> **Requirement**: Quote the data exactly, first line to the line containing "Аверс: в центре", with no pictures.

Entries taken from a collection
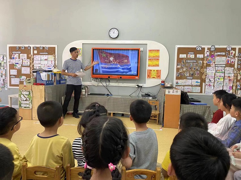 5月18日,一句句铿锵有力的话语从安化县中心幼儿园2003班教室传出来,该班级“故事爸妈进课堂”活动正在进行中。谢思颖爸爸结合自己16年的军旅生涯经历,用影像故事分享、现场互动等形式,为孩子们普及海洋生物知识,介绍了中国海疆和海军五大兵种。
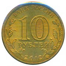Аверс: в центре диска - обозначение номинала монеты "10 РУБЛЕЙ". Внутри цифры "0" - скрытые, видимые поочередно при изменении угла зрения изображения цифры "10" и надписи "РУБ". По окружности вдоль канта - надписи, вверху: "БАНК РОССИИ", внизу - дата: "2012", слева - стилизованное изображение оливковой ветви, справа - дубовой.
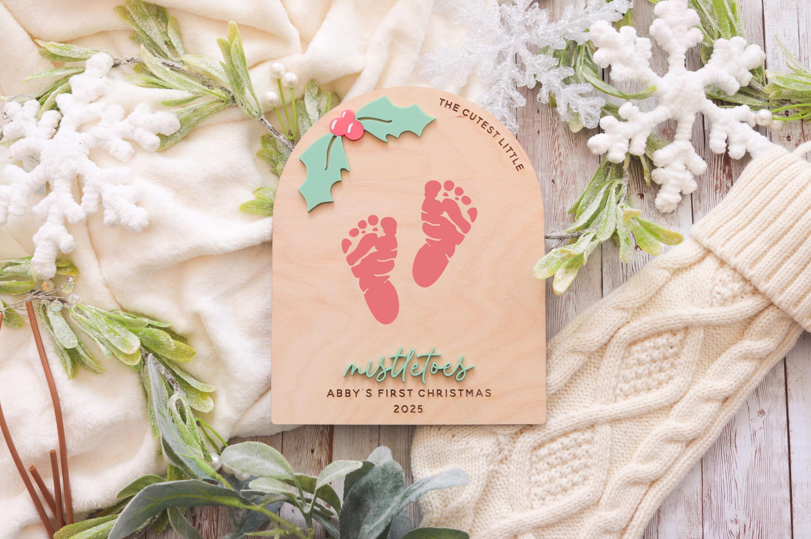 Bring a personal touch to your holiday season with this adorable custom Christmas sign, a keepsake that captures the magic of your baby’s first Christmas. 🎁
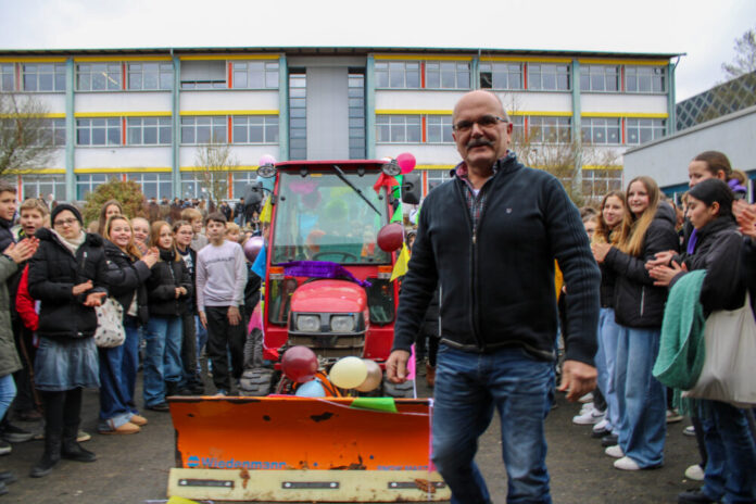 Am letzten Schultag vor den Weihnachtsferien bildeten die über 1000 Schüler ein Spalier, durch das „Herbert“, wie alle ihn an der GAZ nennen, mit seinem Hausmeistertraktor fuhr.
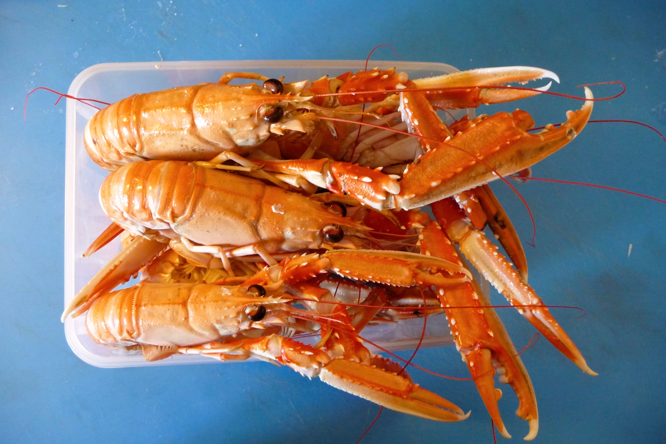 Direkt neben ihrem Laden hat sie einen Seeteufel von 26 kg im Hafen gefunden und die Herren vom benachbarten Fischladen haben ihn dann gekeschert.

> **Solution**:
 5月18日,一句句铿锵有力的话语从安化县中心幼儿园2003班教室传出来,该班级“故事爸妈进课堂”活动正在进行中。谢思颖爸爸结合自己16年的军旅生涯经历,用影像故事分享、现场互动等形式,为孩子们普及海洋生物知识,介绍了中国海疆和海军五大兵种。
Аверс: в центре диска - обозначение номинала монеты "10 РУБЛЕЙ". Внутри цифры "0" - скрытые, видимые поочередно при изменении угла зрения изображения цифры "10" и надписи "РУБ". По окружности вдоль канта - надписи, вверху: "БАНК РОССИИ", внизу - дата: "2012", слева - стилизованное изображение оливковой ветви, справа - дубовой.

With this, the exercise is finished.